MIME-Version: 1.0
In-Reply-To: <20160405012504.GG24661@htj.duckdns.org>
References: <1458850962-16057-1-git-send-email-pandit.parav@gmail.com>
	<1458850962-16057-2-git-send-email-pandit.parav@gmail.com>
	<20160404193640.GA7822@mtj.duckdns.org>
	<CAG53R5UgDeFxqvOOJb=r1DH2yFmboQZPM=-_atGrOCvK=XYU=A@mail.gmail.com>
	<20160405012504.GG24661@htj.duckdns.org>
Date: Mon, 4 Apr 2016 19:22:38 -0700
Message-ID: <CAG53R5Xs9nB_g7pDu6G260EY+iu6hi=fs6eV1ggyk=NwO32oRg@mail.gmail.com>
Subject: Re: [PATCHv10 1/3] rdmacg: Added rdma cgroup controller
From: Parav Pandit <pandit.parav@gmail.com>
To: Tejun Heo <tj@kernel.org>
Cc: cgroups@vger.kernel.org, linux-doc@vger.kernel.org,
        linux-kernel@vger.kernel.org, linux-rdma@vger.kernel.org,
        lizefan@huawei.com, Johannes Weiner <hannes@cmpxchg.org>,
        Doug Ledford <dledford@redhat.com>, Liran Liss <liranl@mellanox.com>,
        "Hefty, Sean" <sean.hefty@intel.com>,
        Jason Gunthorpe <jgunthorpe@obsidianresearch.com>,
        Haggai Eran <haggaie@mellanox.com>, Jonathan Corbet <corbet@lwn.net>,
        james.l.morris@oracle.com, serge@hallyn.com,
        Or Gerlitz <ogerlitz@mellanox.com>, Matan Barak <matanb@mellanox.com>,
        akpm@linux-foundation.org, linux-security-module@vger.kernel.org
Content-Type: text/plain; charset=UTF-8
Sender: linux-kernel-owner@vger.kernel.org
Content-Length: 8782
Lines: 234

Hi Tejun,

On Mon, Apr 4, 2016 at 6:25 PM, Tejun Heo <tj@kernel.org> wrote:
> Hello,
>
> On Mon, Apr 04, 2016 at 03:50:54PM -0700, Parav Pandit wrote:
>> 2nd advantage is, it allows avoiding lot of rework, in bundling kernel
>> modules with different kernel versions.
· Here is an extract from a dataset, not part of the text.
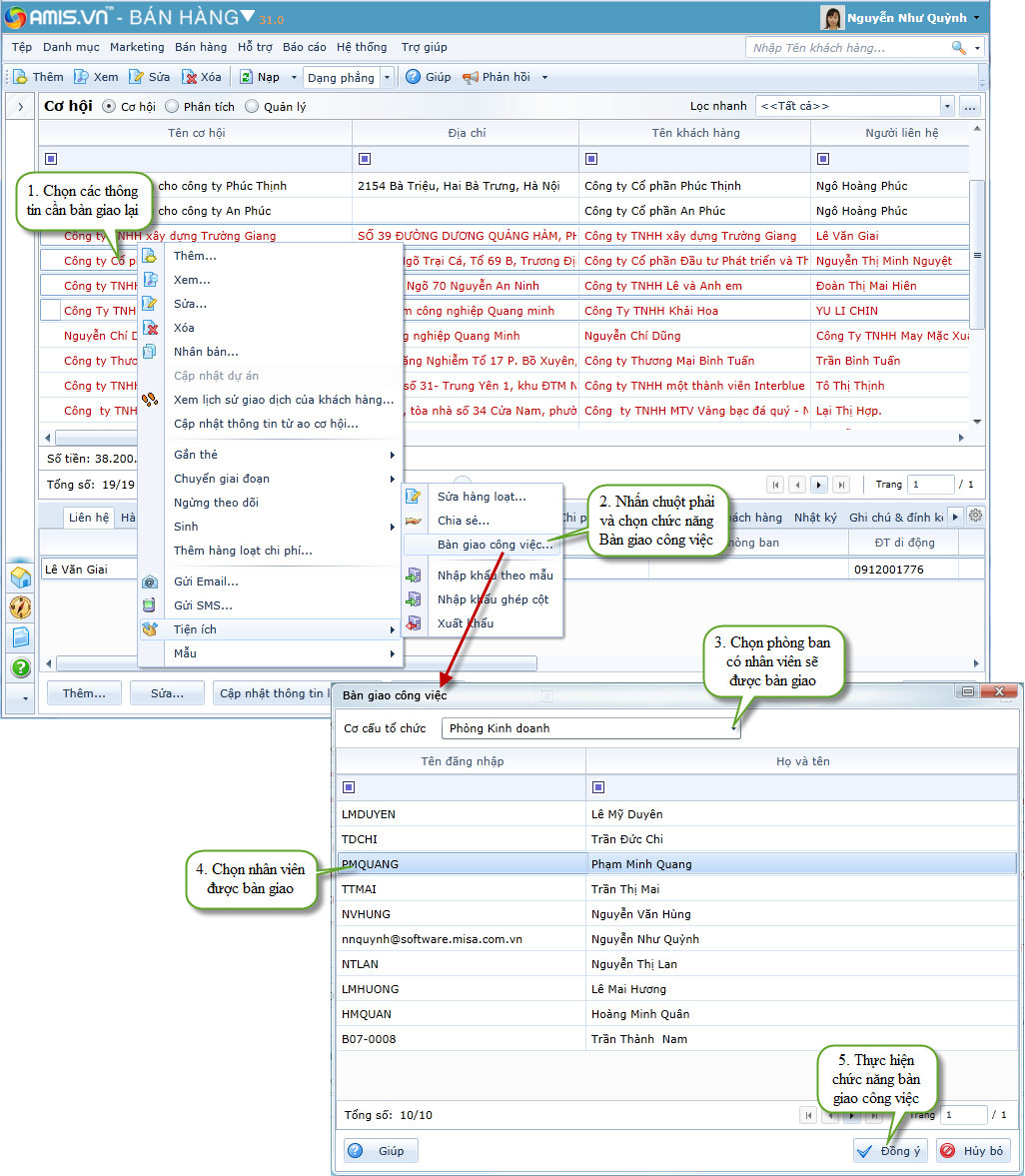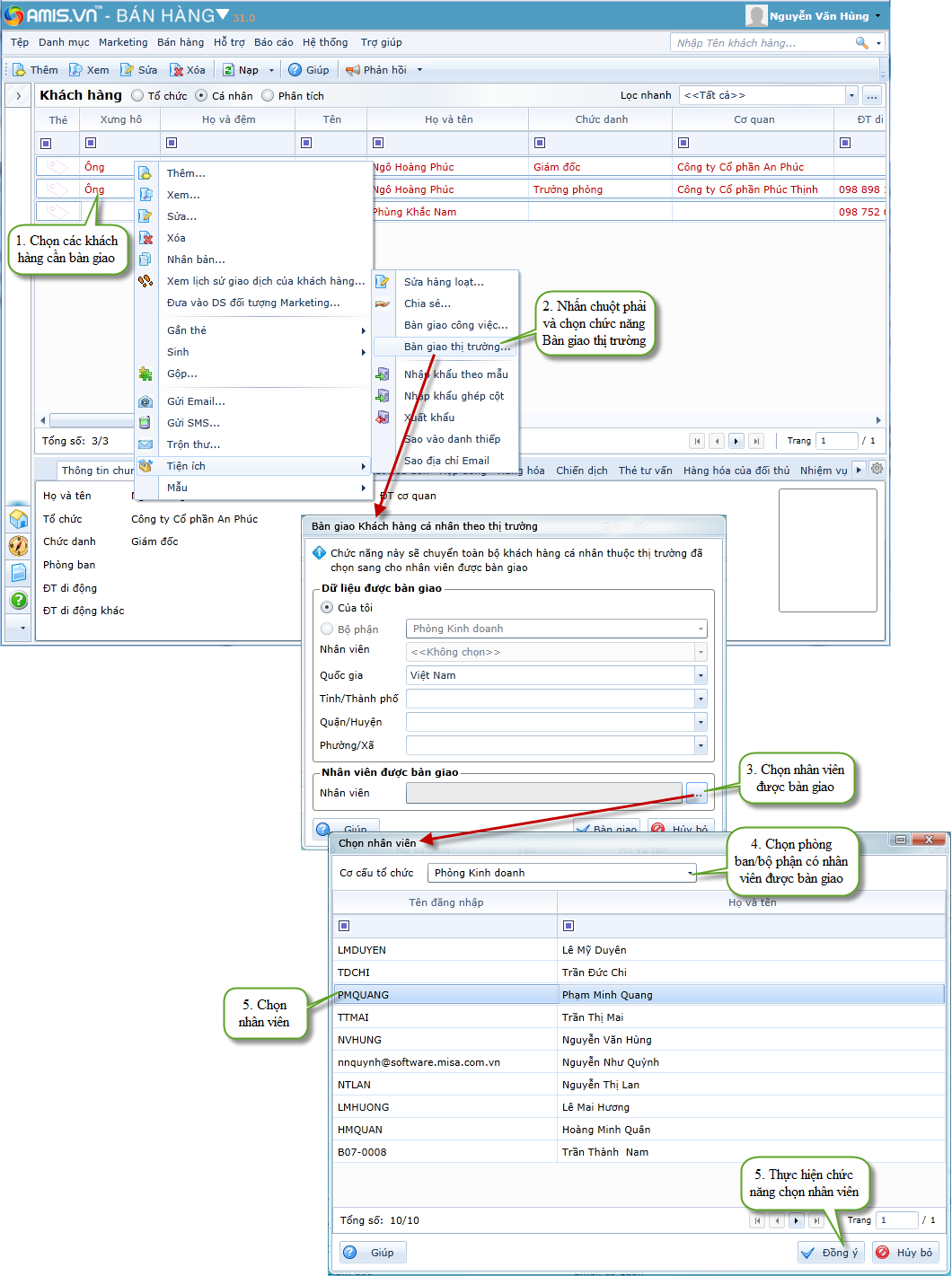 Việc bàn giao các công việc, các khách hàng đang được quản lý trên phần mềm AMIS.VN-Bán hàng sang cho nhân viên kinh doanh khác, được thực hiện trên phần mềm như sau:

So it is certainly valuable
>> feature with almost nil complexity cost of code or memory that solves
>> two problems with approach.
>> If there two kernel versions with different type of resources and
>> kernel modules with different resources, it gets ugly to maintain that
>> kind of compatibility using compat.h. This approach avoid all such
>> cases.
>
> Is it actually customary to have rdma core module updated more
> frequently separate from the kernel?  Out-of-tree modules being
> updated separately happens quite a bit but this is an in-kernel
> module, which usually is tightly coupled with the rest of the kernel.
>
Yes.
rdma core module is compiled as kernel module.
Its often updated for new features, fixes.
So kernel version can be one but RDMA core module(s) get updated more
frequently than kernel.

>
> I don't remember the details well but the code was vastly more complex
> back then and the object lifetime management was muddy at best.  If I
> reviewed in a contradicting way, my apologies, but given the current
> code, it'd be better to have objects creation upfront.

Do you mean,
try_charge() should
lock()
run loop to allocate in hierarchy, if not allocated.
run loop again to charge.
unlock()

If so, I prefer to run the loop once.

If you mean, objects creating upfront when cgroup is created, or when
device is created - than we have talked of that approach in past, that
its more complex than what is being done today. I would certainly want
to avoid that in this patch as above approach has two advantages.
(a) its simpler
(b) doesn't require extra parent pointer, which is already available from cgroup

>
>> > So, with each pool linking to its parent, instead of looking up at
>> > each level, it can just follow ->parent recursively.
>>
>> No. Lookup is being done for the rpool for that device and not the cgroup.
>> doing recursively using ->parent would require additional pointer of
>> rpool type to be maintained which is not necessary because we already
>> have cgroup level parent.
>
> Yes, I meant adding pool->parent field.  Hierarchical operations
> become far simpler with the invariant that parent always exists.

>
>> Adding ->parent would make it little faster compare to traversing 1 to
>> 4 node entry list. However this is not hot path, so keeping existing
>> code to traverse is more desirable than adding ->parent of rpool type,
>> which also saves memory for large number of cgroup instances.
>
> It isn't necessarily about speed.  It makes clear that the parent
> always should exist and makes the code easier to read and update.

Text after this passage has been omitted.